A 27-year-old in Austin who earns $25,000 could pay $85 per month for health insurance next year, and a family of four in St. Louis with income of $50,000 might face a $32 monthly premium, according to new federal data on health insurance rates under the Affordable Care Act.
The report, released Wednesday by the Department of Health and Human Services, showed significant variation in the insurance premiums that Americans shopping on the individual market could pay under the president’s health-care overhaul. Across the 48 states for which data were available, the unsubsidized monthly premiums could be as low as $70 for an individual and as high as $1,200 for a moderate plan for a family of four.
The average national premium for an individual policy will be $328 in 2014, before including any of the tax credits that will be available to low- and middle-income Americans to help them purchase coverage.
Officials say these prices will be affordable for people buying insurance through the government marketplaces slated to open next week.
“For millions of Americans, these new options will finally make health insurance work within their budgets,” Health and Human Services Secretary Kathleen Sebelius said.
Information about how much insurance plans will cost under the law, sometimes called Obamacare, has been dribbling out for months on a state-by-state basis.
But the report from the administration, which has been collecting rate information since the spring, offers the first comprehensive look at the effect of the law on many Americans — specifically those who buy coverage privately and not through their employers, as well as low-income uninsured people who are not poor enough to qualify for Medicaid.
Beginning Tuesday, those people will be able to log on to government Web sites called marketplaces to peruse their plan options, apply for government subsidies and sign up for coverage effective next year. That is when the requirement kicks in that virtually every American carry health insurance or face a fine.
The report also includes information for more than two dozen states that declined to set up their own marketplaces, leaving at least part of the job up to the federal government.
Premiums will vary significantly depending on an individual’s income, where she lives and what type of coverage she buys. A 27-year-old in Fairfax County, for example, could spend between $124 and $258 on a health plan, depending on how robust she wants it to be.

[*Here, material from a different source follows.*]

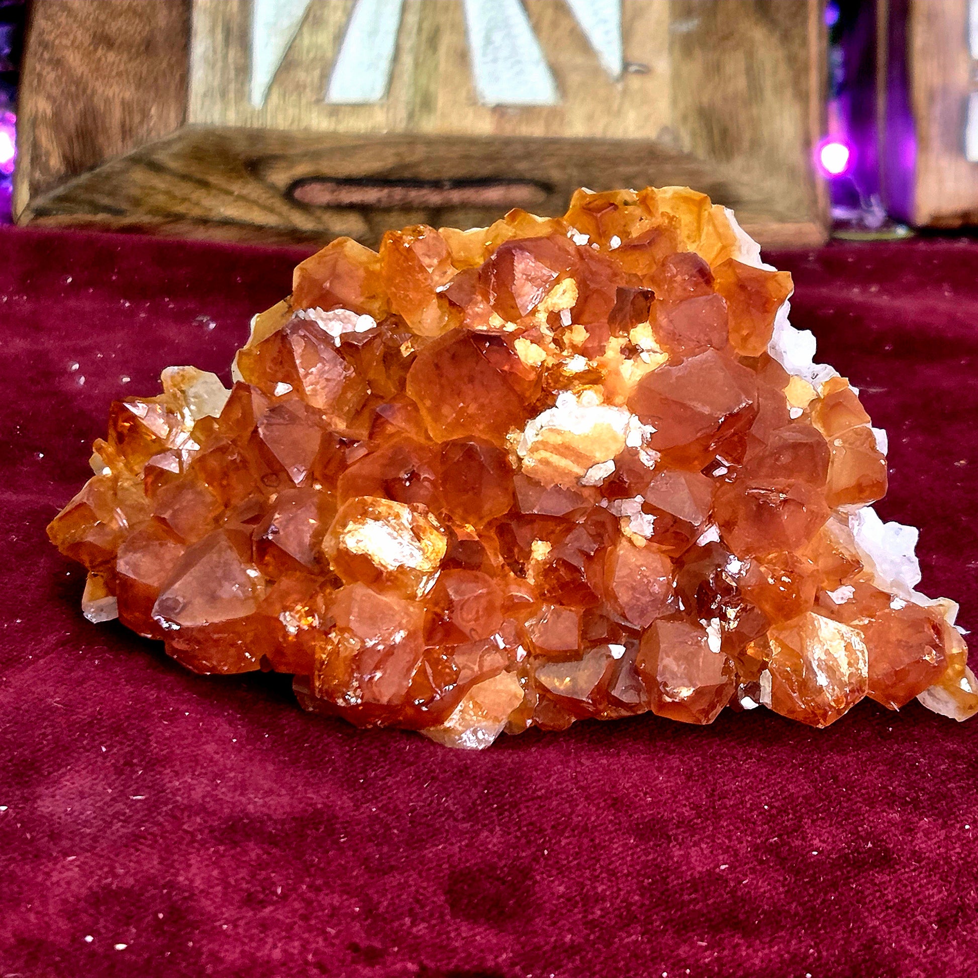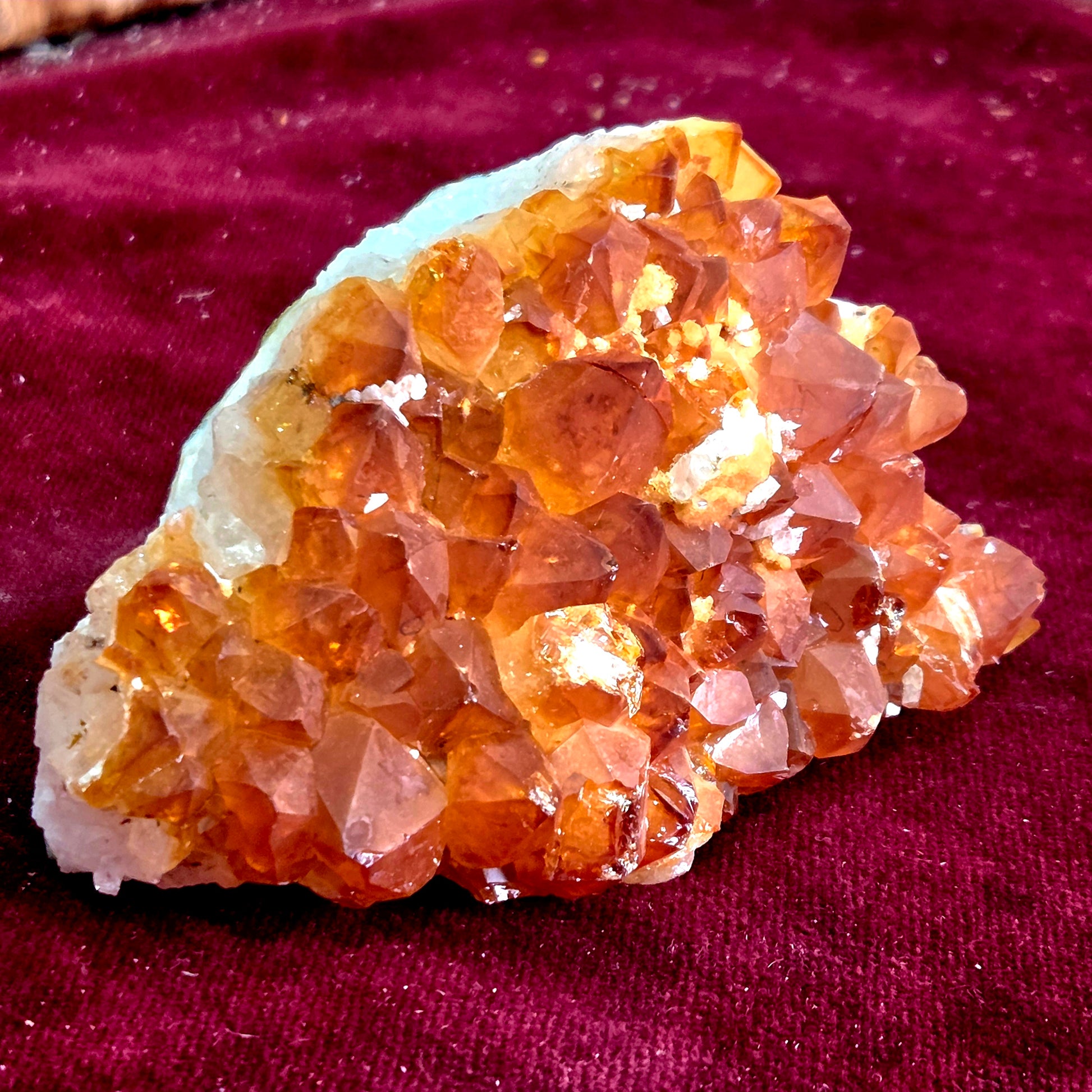 La drusa de citrino natural es un mineral muy apreciado por su energía cálida y su vibrante tonalidad dorada. Conocido como la piedra de la prosperidad y la abundancia, el citrino ayuda a atraer éxito, vitalidad y confianza personal.

A family of four in Fairfax County that earns $50,000 could get a health insurance plan with no premium at all, because the federal tax credit would cover the bill.
Most people using the marketplaces will have incomes low enough to qualify for a government subsidy. A recent administration report found that 56 percent of the roughly 41 million uninsured people eligible for the marketplaces could pay monthly premiums of $100 or less.
Health experts say it is a good sign for consumers that premiums have come in lower than expected. Under the law, the plans must offer a basic set of benefits, including mental health and maternity care, which previously were not included in many private plans. Insurers are also forbidden from rejecting or charging people more because of preexisting conditions.
Many experts worried that those factors would drive up the cost of insurance. They partially credit competition on the marketplaces, where people will be able to directly compare plans from different insurance companies, for restraining premiums.
But they warn that premiums don’t tell the whole story.
The low rates are possible in part because insurance companies created special plans that include fewer in-network doctors and hospitals than many current plans.
This may not be a problem for healthy people who currently lack insurance. But those with illnesses may discover that their specialists are not covered by an exchange insurance plan. Low-income people accustomed to a certain community clinic may find that going there is no longer an option. And everyone may encounter long waits to see a doctor.
In addition, many of the lowest-cost plans may carry high deductibles, despite a cap imposed by the law that limits out-of-pocket costs to $6,350 per person per year.
“Despite the fact that the premiums are lower than expected, enrollees on exchanges are likely to face very high out-of-pocket costs before they hit their cap, and they are at risk of being in very narrow network plans that may or may not include all the providers they need access to,” said Caroline Pearson, vice president of health reform at the consulting firm Avalere Health, which did its own report on rates this month.
Some healthy people may also experience sticker shock on premiums. A recent analysis by the Manhattan Institute, a conservative think tank, found that some people who buy low-cost private plans today could see their rates jump by 24 percent.